Cut empty drink calories by reducing or eliminating drinks like soda, encourages Gans. If you or your kids are drinking 100% fruit juice, Gans says that’s not a problem, but always watch your serving size. If your family drinks milk, make small changes – switch from whole to 2%, then 2% to 1% and eventually 1% to skim milk. And always remember: Water, water, water!

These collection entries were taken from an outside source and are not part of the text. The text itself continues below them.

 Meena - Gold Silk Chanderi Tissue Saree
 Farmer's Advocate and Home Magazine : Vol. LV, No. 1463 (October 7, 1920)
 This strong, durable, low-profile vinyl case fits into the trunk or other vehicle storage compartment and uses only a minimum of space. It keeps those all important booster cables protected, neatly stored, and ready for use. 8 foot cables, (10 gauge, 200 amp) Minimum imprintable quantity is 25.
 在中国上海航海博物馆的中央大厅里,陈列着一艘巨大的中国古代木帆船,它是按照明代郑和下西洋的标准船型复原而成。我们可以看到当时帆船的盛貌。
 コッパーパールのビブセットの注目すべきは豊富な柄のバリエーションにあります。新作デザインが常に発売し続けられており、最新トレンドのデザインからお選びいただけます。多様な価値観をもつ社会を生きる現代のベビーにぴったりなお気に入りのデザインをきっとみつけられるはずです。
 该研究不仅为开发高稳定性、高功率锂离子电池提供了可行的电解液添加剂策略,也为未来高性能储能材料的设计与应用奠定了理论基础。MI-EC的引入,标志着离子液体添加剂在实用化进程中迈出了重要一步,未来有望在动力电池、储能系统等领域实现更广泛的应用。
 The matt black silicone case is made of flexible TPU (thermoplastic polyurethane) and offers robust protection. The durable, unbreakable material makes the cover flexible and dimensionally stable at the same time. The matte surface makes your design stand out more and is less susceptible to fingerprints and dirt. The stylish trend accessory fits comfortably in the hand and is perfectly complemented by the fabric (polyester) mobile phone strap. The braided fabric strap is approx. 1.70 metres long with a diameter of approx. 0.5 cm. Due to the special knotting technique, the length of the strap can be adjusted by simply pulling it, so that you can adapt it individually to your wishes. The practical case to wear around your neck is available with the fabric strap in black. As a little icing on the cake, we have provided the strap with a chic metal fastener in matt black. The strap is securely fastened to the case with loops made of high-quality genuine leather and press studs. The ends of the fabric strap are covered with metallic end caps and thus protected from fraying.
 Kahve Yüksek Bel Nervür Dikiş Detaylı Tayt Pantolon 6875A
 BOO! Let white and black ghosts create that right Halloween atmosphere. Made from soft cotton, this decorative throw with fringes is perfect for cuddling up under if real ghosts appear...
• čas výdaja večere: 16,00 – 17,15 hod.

>> How to make sure you’re drinking enough water

4Whole wheat and skinny meat

Make the switch to whole wheat — whether it’s pasta, bread or anything else where you have the option — and purchase skinnier meats. “Don’t forget fish when you’re grocery shopping,” reminds Gans. “Serve more chicken breast and stay away from fried – go with baked, broiled or grilled.” Gans doesn’t say that you can’t have red meat if you enjoy it, but instead choose leaner cuts such as sirloin or flank steak. And remember: Always watch portion sizes!

>> Need more ideas? Read about healthy ingredient substitutions for family meals

Gans’ quick tips:

  • Fat isn’t the enemy. It’s a part of a healthy, well-balanced diet. Just make sure you’re eating the right kinds of fats. “In the absence of allergies, encourage nut intake, cook with olive oil and introduce your children to avocado,” says Gans.
  • Slow down with the saltshaker.
  • Tame your sweet tooth. “I don’t believe kids should not be allowed sweets, but they should not replace other foods,” Gans notes. “Watch serving size, and only allow them if the daily fruit or vegetables have been eaten. ” Also, balance a sweet treat. For example, have a glass of milk with a cookie.
  • Sharing is caring. Gans suggests sharing food at restaurants or during holidays with family or friends. This is an easy way to cut down on portion size and to avoid overindulging.
  • Go easy on the extras. Watch the small additions that really add up, says Gans. Sugar on cereal, butter on a baked potato and high fat mayo in tuna salad can become excessive. Gans recommends cutting back or making healthier substitutions: Add fruit to cereal, hummus on the potato and olive oil in the tuna salad. Easy, right?

Remember that it’s all about the small changes. Take baby steps toward a healthier diet and you’re less likely to become overwhelmed or give up. You can do it!